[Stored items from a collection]

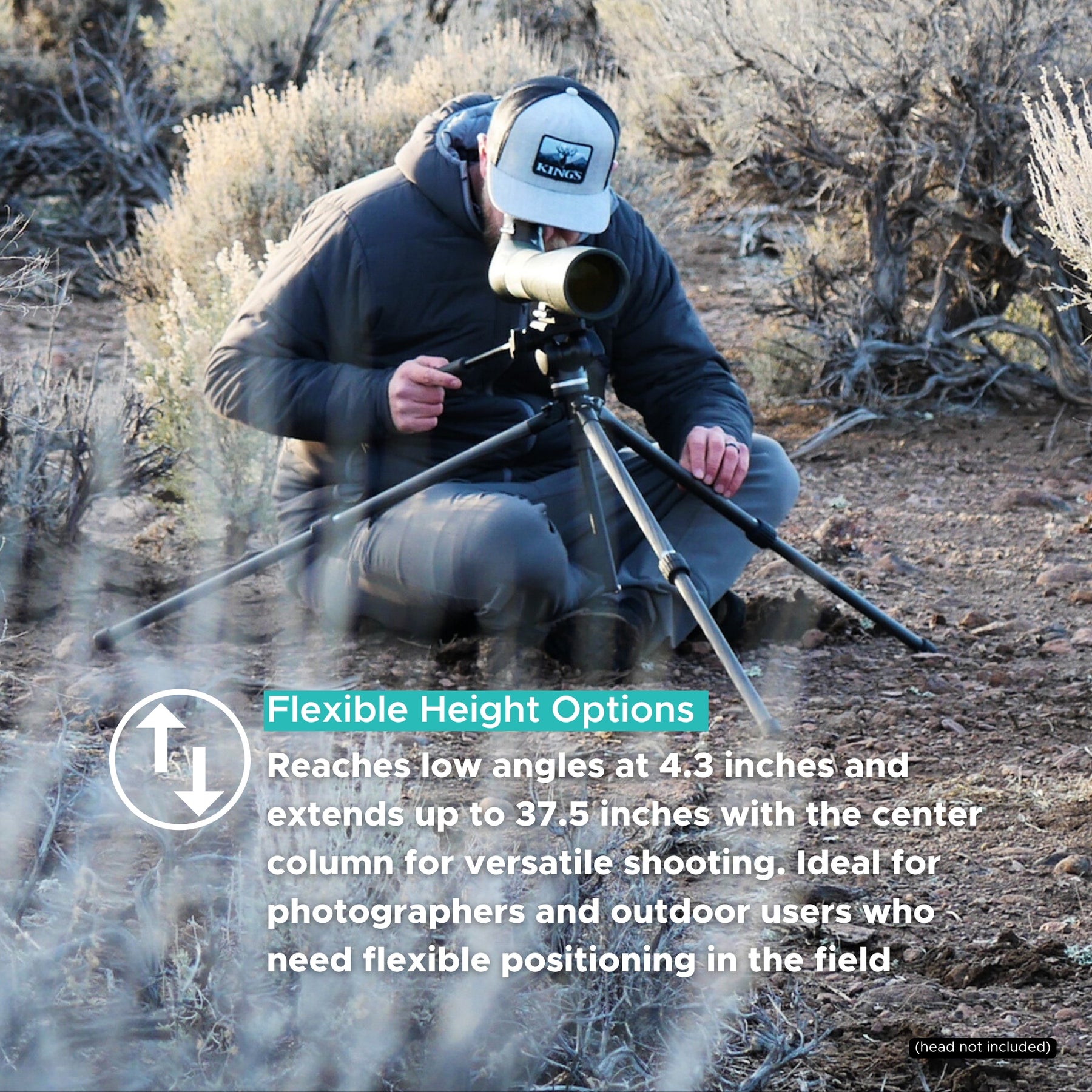 While the tripod is primarily designed for use while sitting or kneeling, it can also be utilized while standing, especially if your camera has a flip-out screen. The 3 position adjustable legs allow for precise placement especially on uneven terrain.
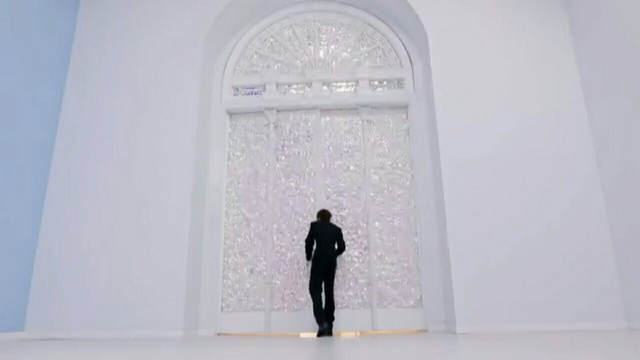 他走到一扇门前面,打开门,走了进去.
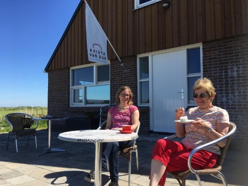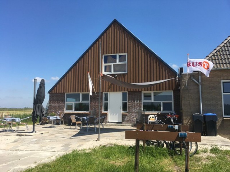 Bij ons kun je heerlijk buiten zitten en heb je een weids uitzicht over de landerijen. We bieden koffie/thee/limonade/ijs en taart aan. Bij ons kun je ook gebruik maken van het toilet en zijn er 4 oplaadpunten voor de elektrische fiets aanwezig.
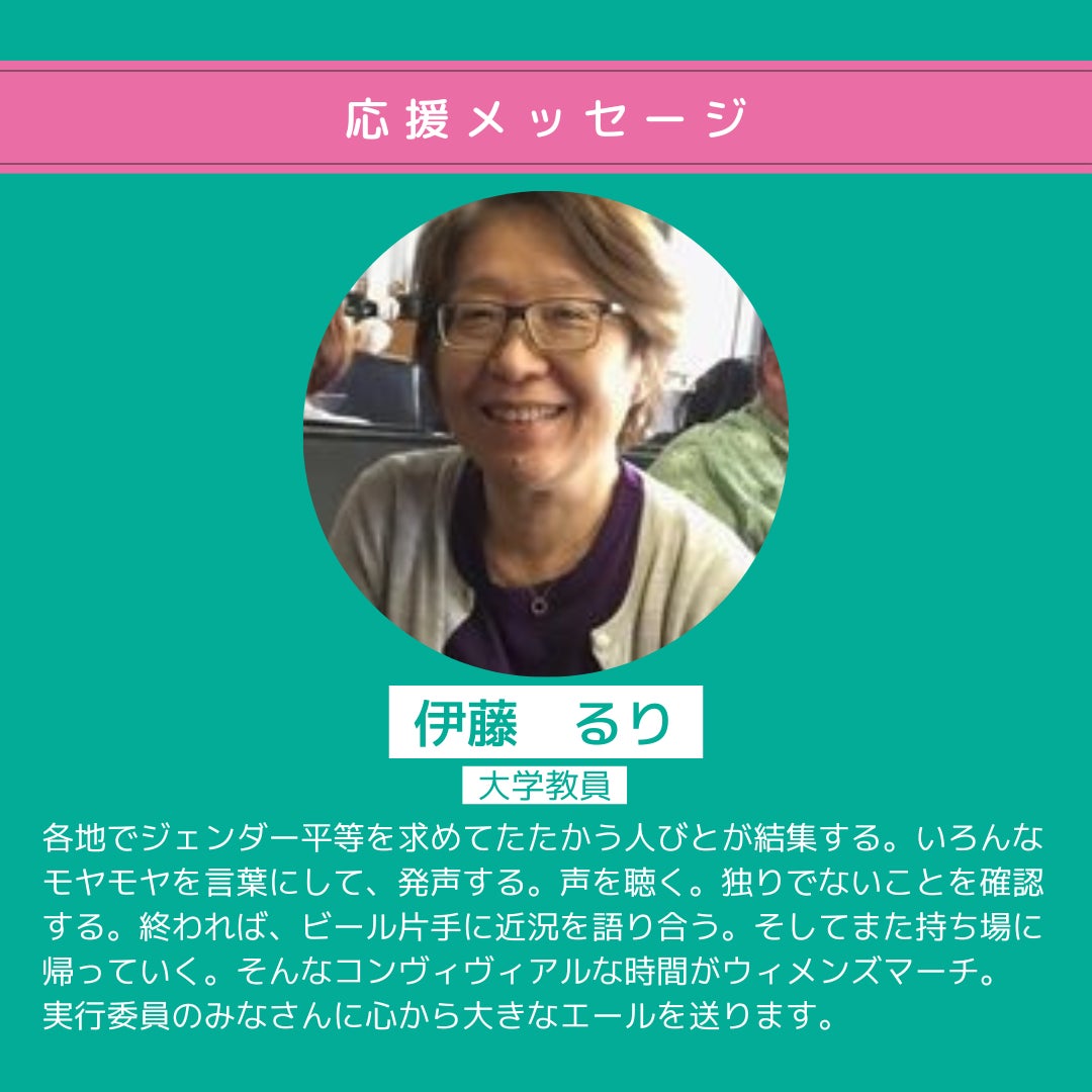 各地でジェンダー平等を求めてたたかう人びとが結集する。いろんなモヤモヤを言葉にして、発声する。声を聴く。独りでないことを確認する。終われば、ビール片手に近況を語り合う。そしてまた持ち場に帰っていく。そんなコンヴィヴィアルな時間がウィメンズマーチ。実行委員のみなさんに心から大きなエールを送ります。 伊藤るり(大学教員)
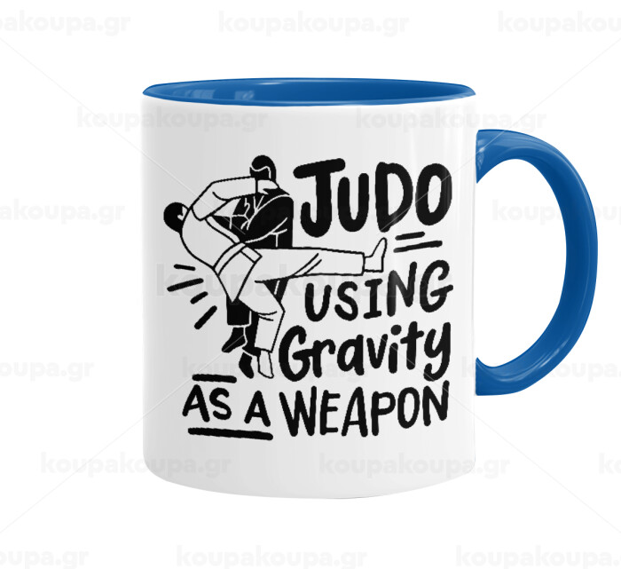 Judo using gravity as a weapon, Κούπα χρωματιστή μπλε, κεραμική, 330ml
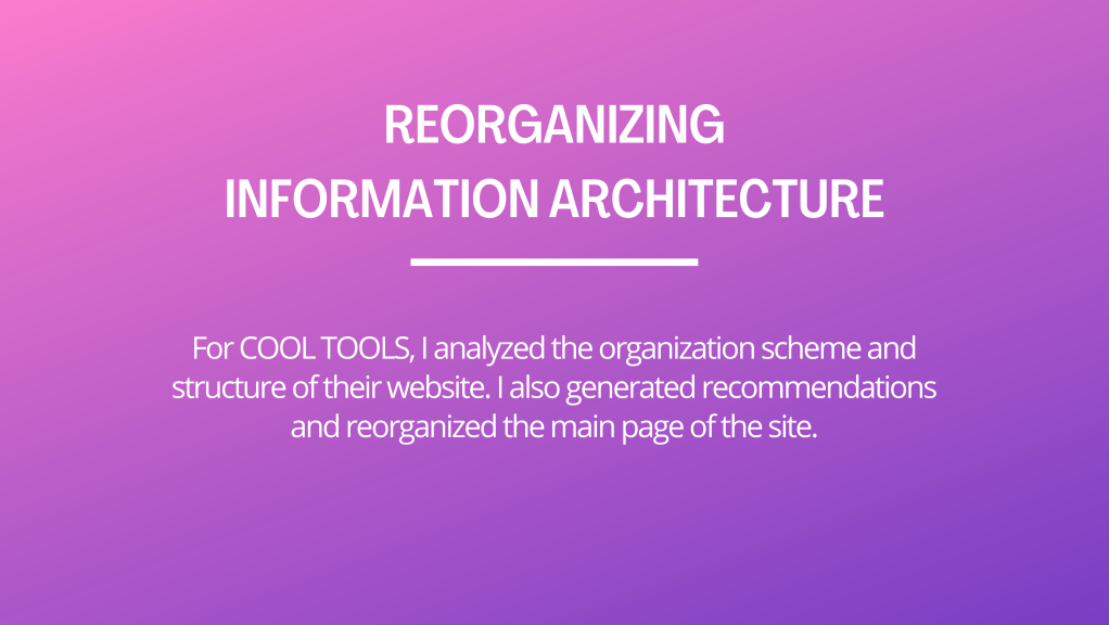 Arduino Cloud – This project was created to help Arduino Cloud to develop better strategies for organizing and presenting visual information in their company’s website, which will improve the usability and navigation of their site will create meaningful experiences for the users.

THE TASK> Please write the data out again exactly, but do not carry over the pictures.

ANSWER TO THIS TASK>
 While the tripod is primarily designed for use while sitting or kneeling, it can also be utilized while standing, especially if your camera has a flip-out screen. The 3 position adjustable legs allow for precise placement especially on uneven terrain.
 他走到一扇门前面,打开门,走了进去.
 Bij ons kun je heerlijk buiten zitten en heb je een weids uitzicht over de landerijen. We bieden koffie/thee/limonade/ijs en taart aan. Bij ons kun je ook gebruik maken van het toilet en zijn er 4 oplaadpunten voor de elektrische fiets aanwezig.
 各地でジェンダー平等を求めてたたかう人びとが結集する。いろんなモヤモヤを言葉にして、発声する。声を聴く。独りでないことを確認する。終われば、ビール片手に近況を語り合う。そしてまた持ち場に帰っていく。そんなコンヴィヴィアルな時間がウィメンズマーチ。実行委員のみなさんに心から大きなエールを送ります。 伊藤るり(大学教員)
 Judo using gravity as a weapon, Κούπα χρωματιστή μπλε, κεραμική, 330ml
 Arduino Cloud – This project was created to help Arduino Cloud to develop better strategies for organizing and presenting visual information in their company’s website, which will improve the usability and navigation of their site will create meaningful experiences for the users.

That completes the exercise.